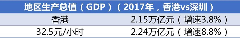 作為中國企業(yè)上市的國際金融中心,香港仍具有很強的存在感,不過,香港的產(chǎn)業(yè)結(jié)構(gòu)偏重于金融和房地產(chǎn),在初創(chuàng)企業(yè)培育方面落后于深圳。在GDP方面,1997年,香港的GDP曾占中國整體的18%,但2009、2011年先后被上海和北京超越,2017年更是被深圳超越。當然,絕對不能說香港經(jīng)濟現(xiàn)狀很糟糕,2017年3.8%的GDP增速,比多數(shù)發(fā)達國家都要強很多,只是跟鄰居——深圳相比,在經(jīng)濟增速、產(chǎn)業(yè)結(jié)構(gòu)和發(fā)展士氣上,就顯得不太搶眼了,考慮到深圳GDP增速是香港的兩倍多,雙方的差距未來也許會越來越大,這是所有人都不希望看到的結(jié)果。
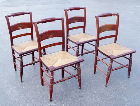 SET OF 4 SIGNED HITCHCOCK SIDE CHAIRS: Stencil design in gold. Signed ''Authentic Hitchcock Nichols & Stone''
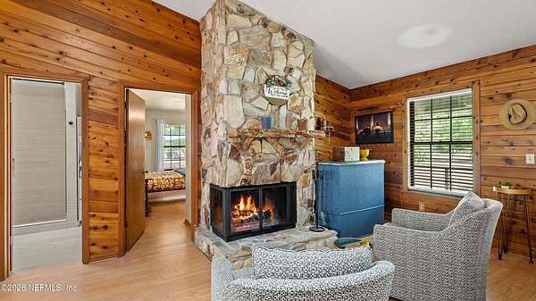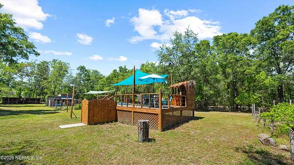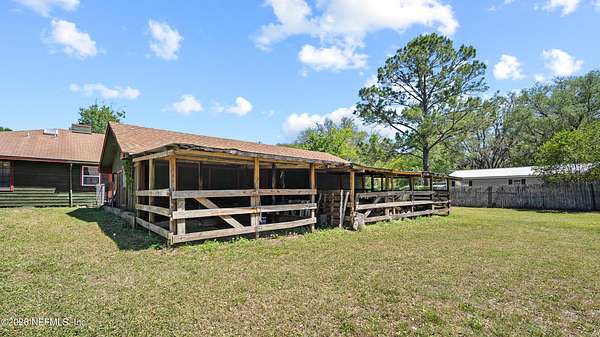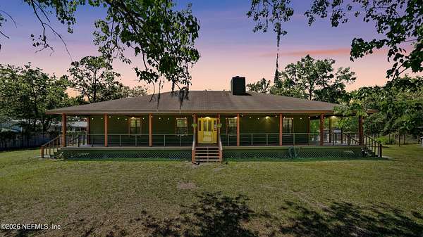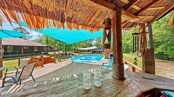 The perfect blend of rural living with unbeatable convenience! Enjoy acreage without the hassle--bring your horses, raise livestock, and live freely just minutes from town. This property is truly high and dry! The home features a charming rustic cabin feel with a sought-after wraparound porch. Inside offers move-in ready, open-concept living with three beautifully remodeled bathrooms and 3 large bedrooms. Also includes multiple living spaces include a large den perfect for a movie room or entertaining. Step outside to your private pool and tiki bar--ideal for relaxing or hosting. The property is fully equipped for animals with space and structures already in place. Additional features include a large, enclosed work room, detached two-car garage, and RV carport. Space, charm, and convenience all in one! Sellers have full inspections already completed including a Home, WDO, and Septic. A NEW ROOF is included at this price. A truly ready to move in home!
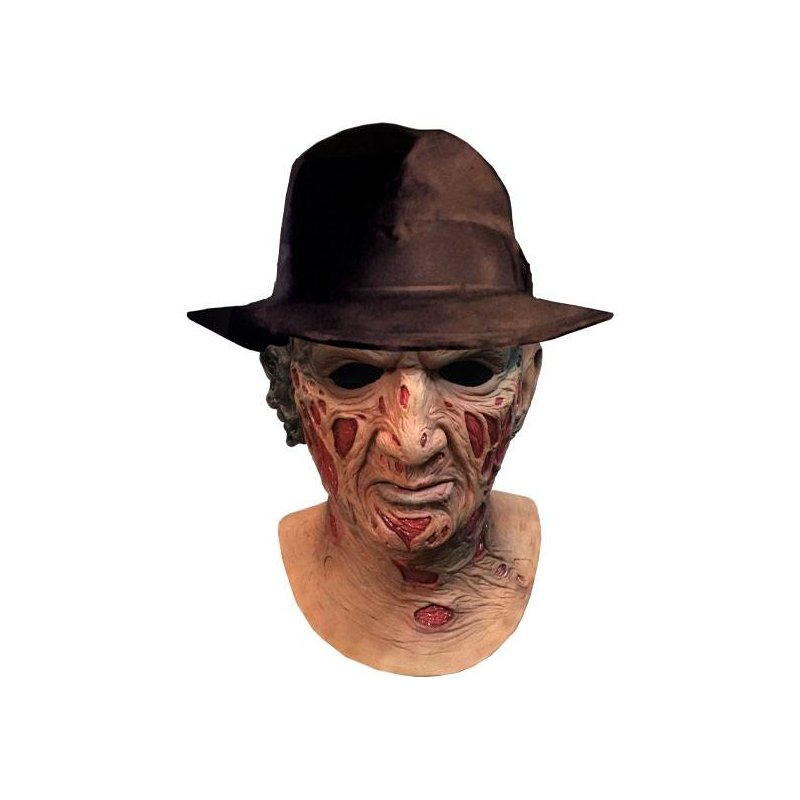 Trick or Treat Studios and Warner Bros. Pictures are proud to present the officially licensed A Nightmare on Elm Street Deluxe Freddy Mask with Fedora Hat.Based on hundreds of screen and behind the scenes photographs, this is the ultimate Freddy Krueger Mask from Wes Craven's original classic, A Nightmare on Elm Street. Every detail of Freddy, as played by the incredible Robert Englund is present in this mask.In addition to this incredible mask, this version of the mask comes with a beautiful replica of the Fedora Hat worn by Freddy Krueger in A Nightmare on Elm Street.So get yourself the official Nightmare on Elm Street Deluxe Freddy Mask with Fedora Hat and show everyone who the king of nightmares is this Halloween.- Officially licensed adult costume accessory - One size fits most
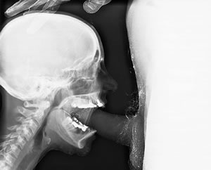 Cephalometric, panoramic, x-rays do allow for you to see the nose, lips, and chin. On these films and periapicals, you can see nerves in individual teeth and the nerves in both jaws. If you can see the nerve paths in the jaw, you would also be able to see the nerves and blood supplies in the penis. The image has his penis as transparent and without detail.

****************************************

### Assignment
In your answer, print the entries above exactly, with the pictures left out.

### Answer to the exercise
 作為中國企業(yè)上市的國際金融中心,香港仍具有很強的存在感,不過,香港的產(chǎn)業(yè)結(jié)構(gòu)偏重于金融和房地產(chǎn),在初創(chuàng)企業(yè)培育方面落后于深圳。在GDP方面,1997年,香港的GDP曾占中國整體的18%,但2009、2011年先后被上海和北京超越,2017年更是被深圳超越。當然,絕對不能說香港經(jīng)濟現(xiàn)狀很糟糕,2017年3.8%的GDP增速,比多數(shù)發(fā)達國家都要強很多,只是跟鄰居——深圳相比,在經(jīng)濟增速、產(chǎn)業(yè)結(jié)構(gòu)和發(fā)展士氣上,就顯得不太搶眼了,考慮到深圳GDP增速是香港的兩倍多,雙方的差距未來也許會越來越大,這是所有人都不希望看到的結(jié)果。
 SET OF 4 SIGNED HITCHCOCK SIDE CHAIRS: Stencil design in gold. Signed ''Authentic Hitchcock Nichols & Stone''
 The perfect blend of rural living with unbeatable convenience! Enjoy acreage without the hassle--bring your horses, raise livestock, and live freely just minutes from town. This property is truly high and dry! The home features a charming rustic cabin feel with a sought-after wraparound porch. Inside offers move-in ready, open-concept living with three beautifully remodeled bathrooms and 3 large bedrooms. Also includes multiple living spaces include a large den perfect for a movie room or entertaining. Step outside to your private pool and tiki bar--ideal for relaxing or hosting. The property is fully equipped for animals with space and structures already in place. Additional features include a large, enclosed work room, detached two-car garage, and RV carport. Space, charm, and convenience all in one! Sellers have full inspections already completed including a Home, WDO, and Septic. A NEW ROOF is included at this price. A truly ready to move in home!
 Trick or Treat Studios and Warner Bros. Pictures are proud to present the officially licensed A Nightmare on Elm Street Deluxe Freddy Mask with Fedora Hat.Based on hundreds of screen and behind the scenes photographs, this is the ultimate Freddy Krueger Mask from Wes Craven's original classic, A Nightmare on Elm Street. Every detail of Freddy, as played by the incredible Robert Englund is present in this mask.In addition to this incredible mask, this version of the mask comes with a beautiful replica of the Fedora Hat worn by Freddy Krueger in A Nightmare on Elm Street.So get yourself the official Nightmare on Elm Street Deluxe Freddy Mask with Fedora Hat and show everyone who the king of nightmares is this Halloween.- Officially licensed adult costume accessory - One size fits most
 Cephalometric, panoramic, x-rays do allow for you to see the nose, lips, and chin. On these films and periapicals, you can see nerves in individual teeth and the nerves in both jaws. If you can see the nerve paths in the jaw, you would also be able to see the nerves and blood supplies in the penis. The image has his penis as transparent and without detail.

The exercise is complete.